El realismo justicialista es, ante todo, anti-militante, y esto hay que entenderlo en sentido
global: no solamente está enemistado con la militancia, sino también con su premisa
“idealista” básica, según la cual la realidad se puede transformar de acuerdo a la propia
voluntad. La militancia es, en su propio concepto, optimista: como le dijo Cristina a David
Viñas en aquel programa de televisión del 2001, “yo tengo la obligación de ser optimista”.
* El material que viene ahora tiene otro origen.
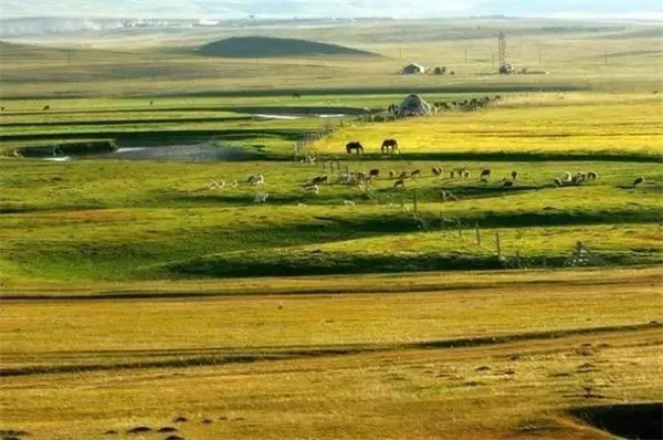 小丘、低洼隨意地散布在草場上
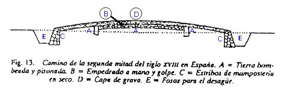 Como hemos señalado repetidamente, a partir de 1749 se construyen los caminos en España con pavimento, buscando la solidez, la aptitud para el paso de coches y carros, y finalmente la mayor comodidad posible para los pasajeros. En este sentido, el de la pavimentación, nunca se olvidó el sistema de "a la romana", aunque también pronto se llegó a la conclusión de que, siempre partiendo de tal sistema, había que modificarlo, ya que los firmes romanos se consideraban muy caros y aunque de gran duración, excesivamente rígidos, lo que iba en detrimento de la velocidad y comodidad en el transporte de viajeros.

El realismo justicialista tiene en cambio la obligación paradójica de militar el pesimismo
para deprimir a la sociedad; su tarea es la cancelación de las alternativas al macrismo, la
censura del porvenir, el “peronismo reciclado”. Es una estrategia de dominación:
obviamente, y solamente.
Cambiemos es un partido auténticamente de “realismo capitalista”: lo que ofrece a la
sociedad son mediocres sueños como poner una cervecería, “ser emprendedor”, viajar en
low cost a Córdoba –en resumen, la depresión misma. El kirchnerismo, en cambio, propone
grandes valores como la igualdad, la solidaridad, y también “Argentina potencia”: o sea, la
idea de que mediante el desarrollo podríamos llegar a ser un país importante, que
podríamos sentir orgullo por nosotros mismos. El realismo justicialista, mientras tanto, se
limita a decir que esto último es imposible: somos buenos para nada; somos, en realidad,
malos para nosotros mismos.
Quizá la definición más sintética del realismo justicialista deba buscarse en la tristísima
conclusión de Fisher: “cada vez aceptamos más la idea de que no somos el tipo de personas
que puedan actuar”. El realismo justicialista nos quiere obligar a aceptar la impotencia
porque es impotente (con todo respeto, se podría decir que los “buenos para nada” son
Bossio, etc…). Pero la militancia kirchnerista “fanática”, “ideologizada”, “filosoviética”,
“protomontonera”, “sunnita” (invención de Natanson) invierte esa idea: somos, cada uno de
nosotros, el tipo de personas que pueden actuar. Esto se llama también empoderamiento y
es una tendencia realmente existente en la política argentina, una posibilidad continuamente
abierta, la única que tiene algo digno de ser llamado “futuro”: el kirchnerismo.